While every voting citizen should be paying attention as we begin this important election year, young adults especially need to up their political game and be ready to make an informed decision come November.

We are being told time and time again that we are the future of this country and if that is the case, we need to act like it. Politics may not be the most exciting thing to follow, but it's important and it's real. The issues that these political candidates discuss are things that may affect us now or in the future, and it's imperative that we are well aware about what is going on in our country and that we have in a say in who is leading us.

According to an article from the Huffington Post in 2012, "voters from ages 18-29 represented 19 percent of all those who voted." Between 2008 and 2012, that number only increased by one percent, from 18 percent to 19 percent.
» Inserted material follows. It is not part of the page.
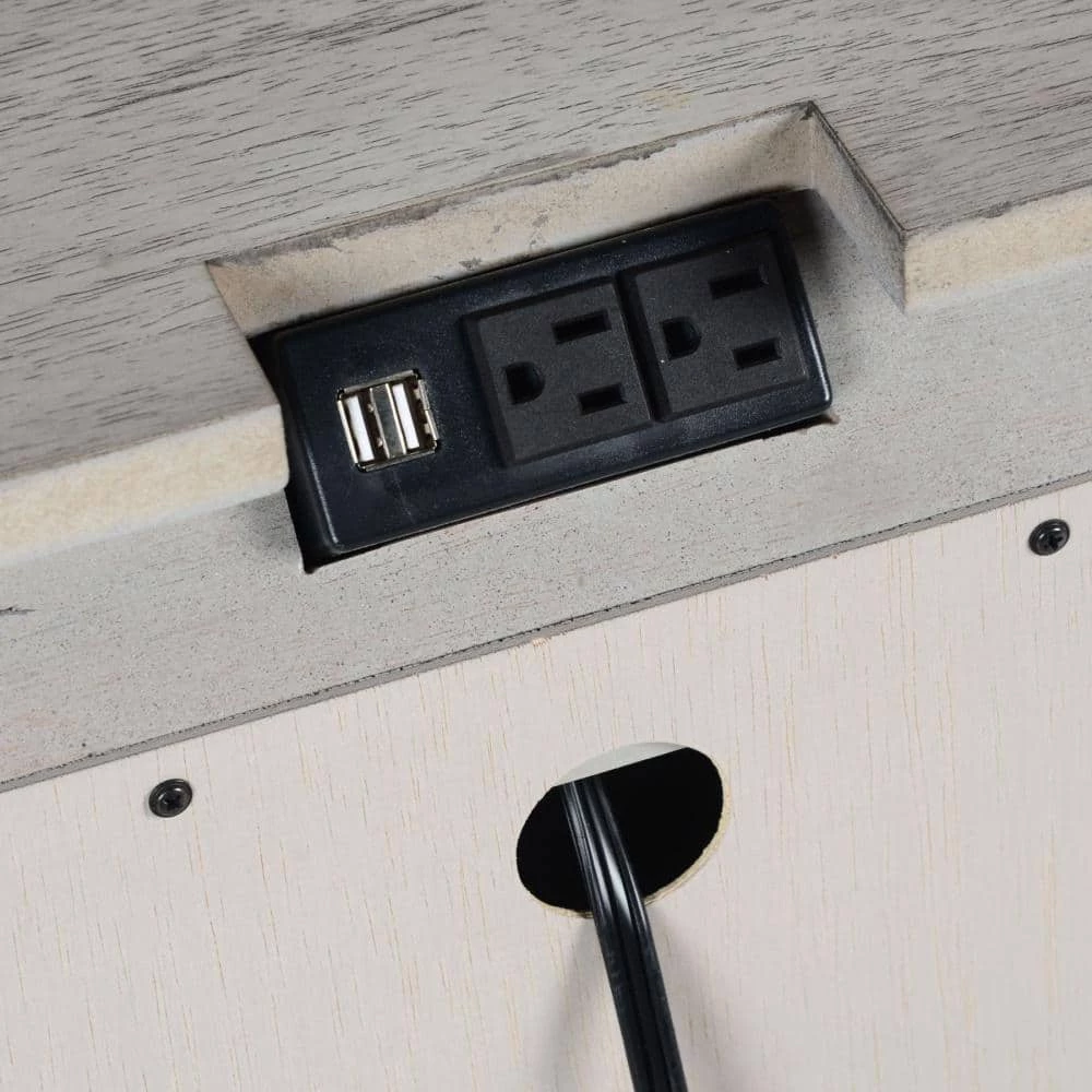- Nightstand features two USB connections for easy recharging and two electrical outlets for easy access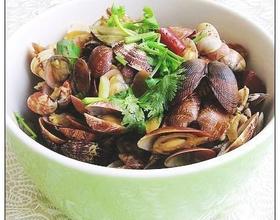 盖上盖子略闷,不时翻炒一下,直到蛤全部开口,即熟。

That means that the other 81 percent of people who voted were people 30 and older.

But we are the ones who are the future of this country.

This year, we need to know what's going on. We need to watch debates, know each candidate's platforms, vote in the primaries and cast our ballot come November. We know from past elections (i.e. the 2000 presidential election between George W. Bush and John Kerry) that every vote counts; we all need to get to the polls.

If you aren't registered to vote yet, register now. According to registertovote.org, only 70 percent of Americans who are eligible to vote are registered; do not fall into the 30 percent that isn't voicing their opinion.

Watch the debates and familiarize yourself with each political party as well as each candidate and where they stand on all of the major issues, especially gun control, immigration and terrorism since those are three huge controversial topics right now. Be sure to do your own research and don't just believe something because one source says it's true. You can visit gop.com and democrats.org to learn more about each party, who is representing them and what they are saying about the important issues. Even if you lean more left or more right, it's still a good idea to know where each party stands just so you have all of the information in order to make an informed decision.

Be smart this election year. The future of this country is counting on us.